Last week, I seen an add in the iPad version of Sports Illustrated for the show I had been waiting months for. Last night was the premier, and to sum it up briefly, this show was well worth the wait. The first episode covers the team from opening day right though to the All-Star Break. It runs around an hour and when I finished watching I thought it had to have been closer to ninety minutes. They packed so much information and covered so much ground it just felt like a longer episode.

My main complaint is that the first show probably could have been two episodes and they could have given more time to some of the stories covered and included some of the more obvious omissions. For example, Tim Lincecum didn't have a role in the first episode. He is one of the most interesting players in MLB. He also happens to be surrounded by a group of characters and pieces of work potentially unparalleled in the history of sports. Despite a lack of Lincecum, the episode is jam packed with stories about Barry Zito, Aubrey Huff, the comeback of Ryan Vogelsong, and the devastating injury to catcher Buster Posey. Not to mention plenty of airtime for that weirdo, Brian Wilson.

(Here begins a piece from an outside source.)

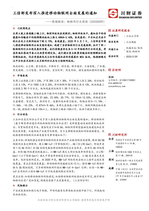 【川财证券】【20200509】高端制造:物联网行业周报:工信部发布深入推进移动物联网全面发展的通知-20页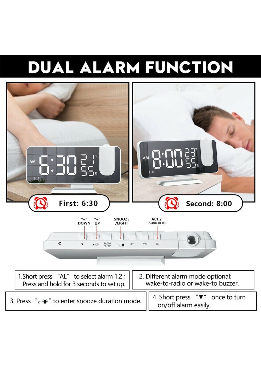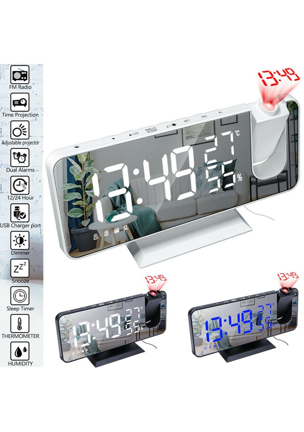 Product Description: This digital projection clock offers ultra-clear views of the time on your ceiling/wall with an enhanced adjustable 180 rotating projector, rotating the focus ring at the appropriate distance of 5m, making it easy to catch the time while you are in your bed without touching anything.This digital alarm clock is more than an alarm clock, but also an FM radio, it can store, scan, and lock your favorite radio station from 76.0 to 108.0 MHz, meeting the different radio standards of different countries. This digital alarm clock can be set two separate alarms for couples with different routines or a backup to wake up heavy sleepers. The alarm lasts for about 2 minutes and pressing the snooze button will give you another 5 minutes of sleep time. The brightness of the time display can be adjusted for 4 levels which can not only save power but also emit soft light for sleeping.The clock has a temperature display, with a temperature measurement range: 0¬°√¶~50¬°√¶ Error: plus, or minus 1¬°√¶ as well as a humidity display, with a humidity measurement range: 20%~95% error: plus, or minus 5%?Product Specification:Color: Black and Blue, Black and White, White and WhiteMaterial: ABSSize: 185*45*91mmWeight: 250gFunctions: LED Alarm ClockPower Supply: USB Cable Plugged-in?Package Inclusion:1 * LED Alarm Clock1 * Power Cable 1 * User Manual

Another thing the show does well is taking us into the lives of the players and coaches. We get to meet Mrs. Cain, see some of the players interact with their children, and step into the meetings that the coaches and front office staff have each week of the season. One of the best scenes from last night showed head coach Bruce Bochy phoning in his All-Star selections to the Major League Baseball office. He then calls Ryan Vogelsong into his office and we get the chance to see Bochy give the news to his pitcher that he has made the All-Star team. Vogelsong was drafted by the Giants, traded to the Pitates, blew out his elbow, spent time in AAA, pitched in Japan, and finally got a chance to play in the big leagues when Zito was hurt earlier in the season. It really is an incredible story and the producers did a great job telling it.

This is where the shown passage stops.